Top 10 GOSlim terms for the orthogroups unique to P. helianthoides. Y-axis is proportion of those orthogroups related to the 12,547 shared orthogroups across all three species. X-axis is the 10 top GOSlim terms - top meaning most counts. Color-coded by Term.
P. ochraceus orthogroups in proportion to all shared orthogroups (12547) across all three species

Top 10 GOSlim terms for the orthogroups unique to P. ochraceus. Y-axis is proportion of those orthogroups related to the 12,547 shared orthogroups across all three species. X-axis is the 10 top GOSlim terms - top meaning most counts. Color-coded by Term.

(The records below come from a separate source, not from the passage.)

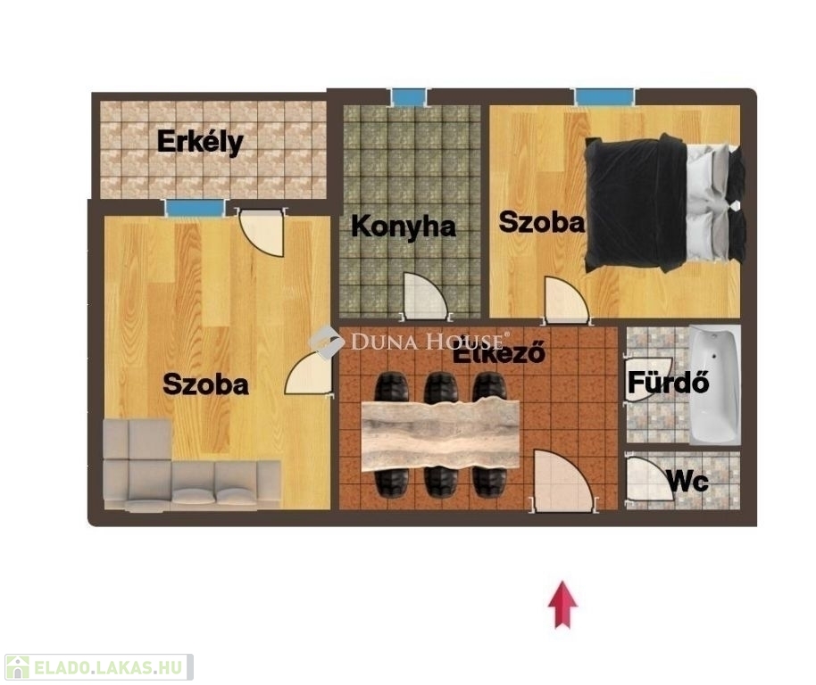 Kialakítása: 2 szoba, fürdő, külön wc, étkező, 4.85 m2 erkély
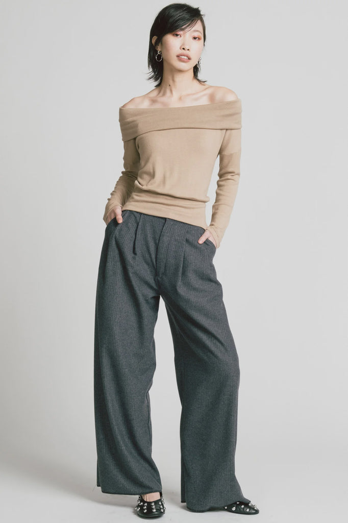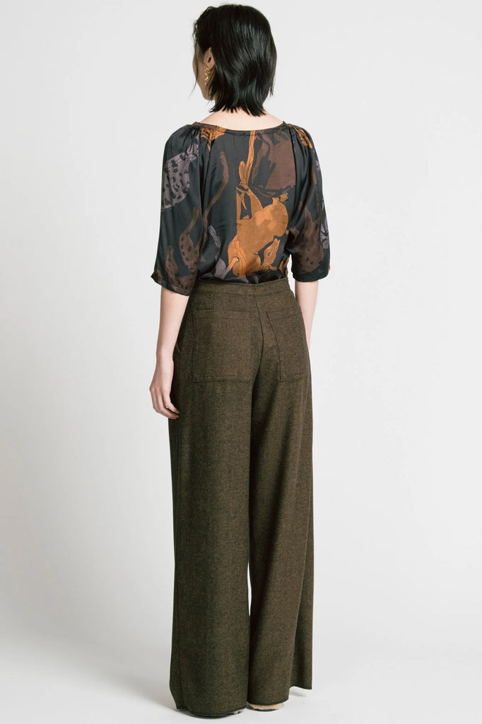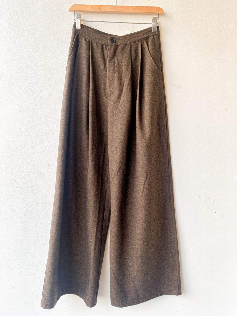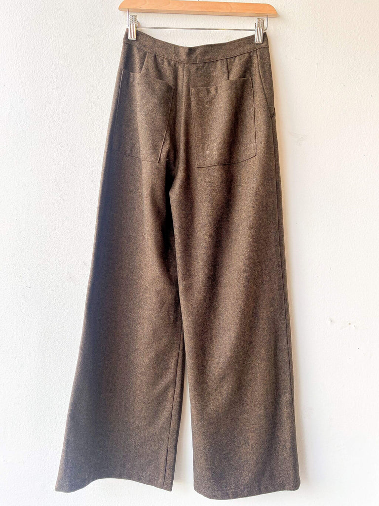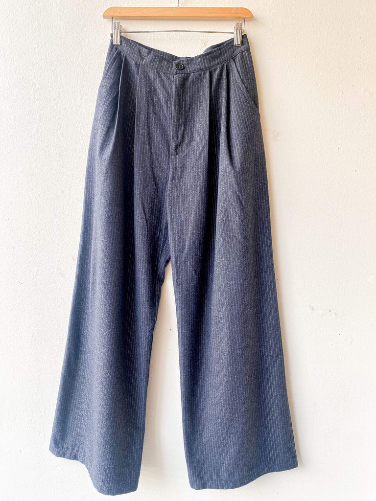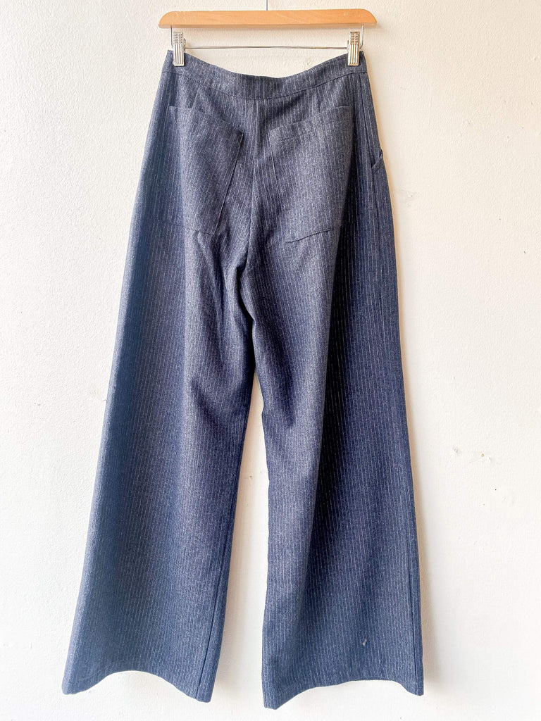 This pant has a wide leg and a fly front with pleats, front pockets and back patch pockets and features a subtle pinstripe. A great work outfit with the matching Cycle jacket.
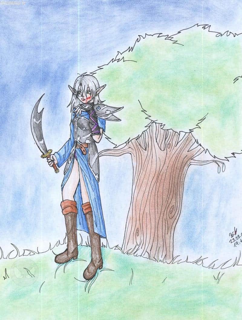 Nun wollte ich auch noch eine Waffe haben und da habe ich ihr so einen Krumsäbel/ein Krumschwert(???) in die freie Hand gezeichnet. ^^“ (Sieht übrigens schrecklich aus!)
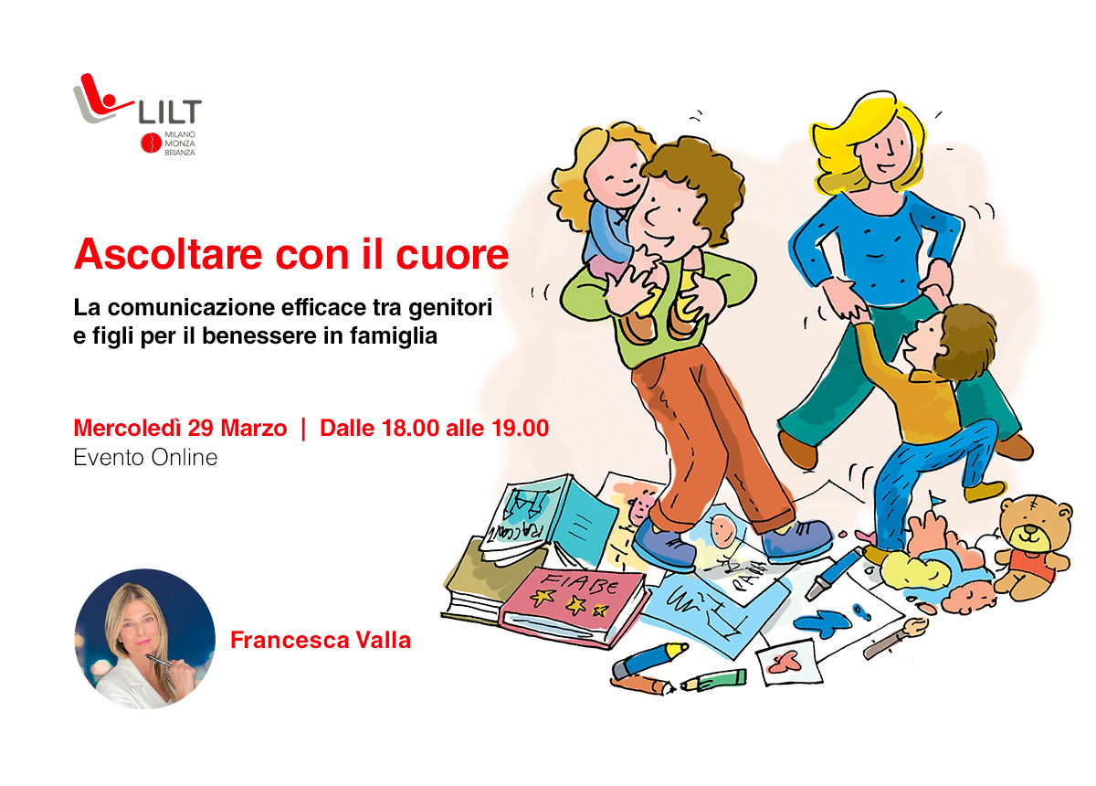 Insieme a Francesca Valla, counselor, insegnante, tata tv, scrittrice, ma soprattutto mamma, affronteremo il tema “Ascoltare con il cuore. La comunicazione efficace tra genitori e figli per il benessere in famiglia”.
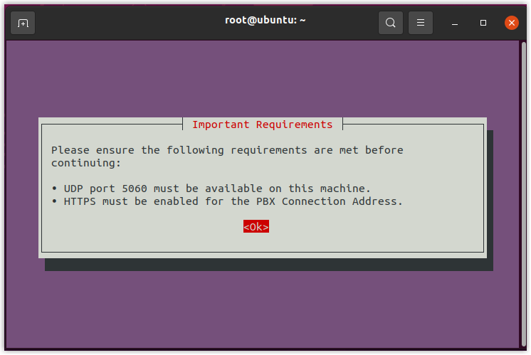 - Select <Ok> and
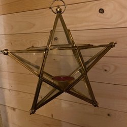 Hängande ljuslykta/ fönsterlykta Mässing & glas - Julstjärna
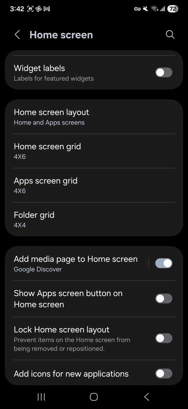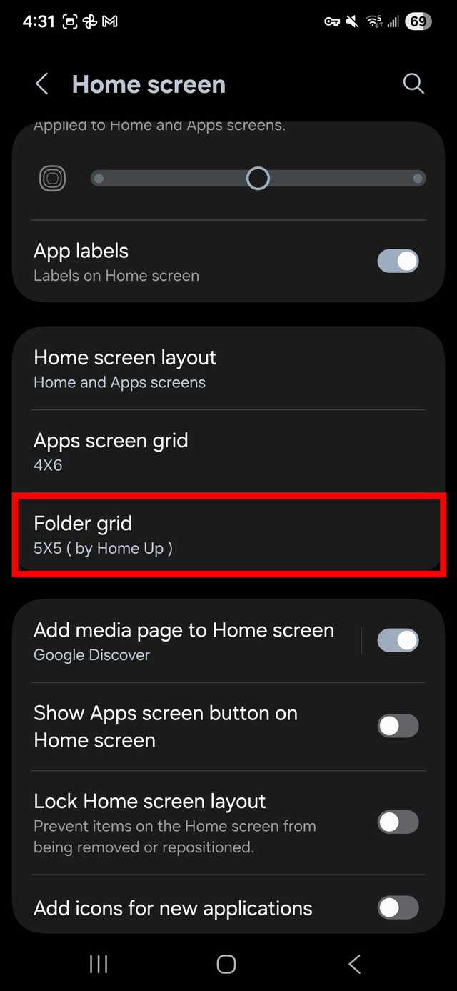 Se desejar alterar quantos aplicativos cabem em uma pasta, retorne às configurações da tela inicial e toque em Grade de pastase escolha outra opção.
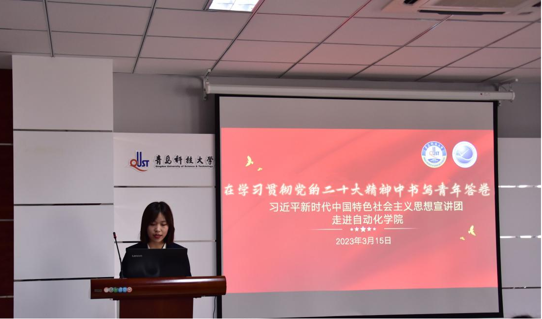 师生代表总结发言。马仁轩表示,党员同志、学生干部要牢记习近平总书记的嘱托,自信自强,守正创新,踔厉奋发,勇毅前行,更加积极地以实际行动践行“请党放心,强国有我”的青春誓言。边泳名表示,此次宣讲带领大家从专业角度深入学习了党的二十大精神。作为一名青年党员、学生干部,她结合自身成长发展经历,号召更多青年坚定理想信念,厚植爱国情怀,练就过硬本领,强化使命担当,让青春在全面建设社会主义现代化国家的火热实践中绽放绚丽之花。
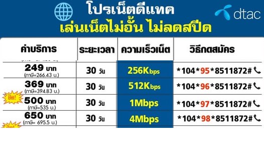 โปรเน็ต ดีแทค 4Mbps 1 เดือน 30 วัน ไม่อั้น ไม่ลดสปีด ความเร็วสูงสุด 4Mbps ค่าบริการ เพียง 650 บาท ( รวมภาษีแล้ว ) สมัคกด *104*98*8511872# โทรออก
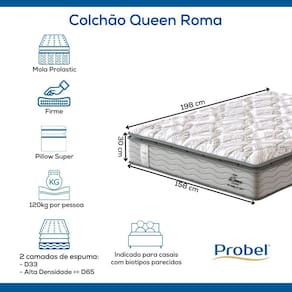 As espumas do Colchão Queen Roma foram desenvolvidas com a Tecnologia ProMax Probel, que passam por rigorosos testes de qualidade em laboratório e recebem tratamento antiácaro e antifungo.
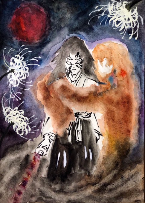 自分が大好きな沙村i弘明先生の無限のi住人のコミックカバーをアレンジしてみちかつ兄上を描いてみました… これ誰状態だし沙i村先生のテイスト全然出てないよ😭 でも投下する…自分のスキルアップのために✨!! #アナログ #水彩画 #模写アレンジ

D. imbricata orthogroups in proportion to all shared orthogroups (12547) across all three species

Top 10 GOSlim terms for the orthogroups unique to D. imbricata. Y-axis is proportion of those orthogroups related to the 12,547 shared orthogroups across all three species. X-axis is the 10 top GOSlim terms - top meaning most counts. Color-coded by Term.
Proportion plot notes:
All three figures are very similar… each species has about 70 GOSlim terms, but that’s a lot to include in a figure.
Not sure of how else I can visualize these differences.
I’m also not accounting for any DEGs in these figures –> these are just orthogroups based on each species’ genome protein lists.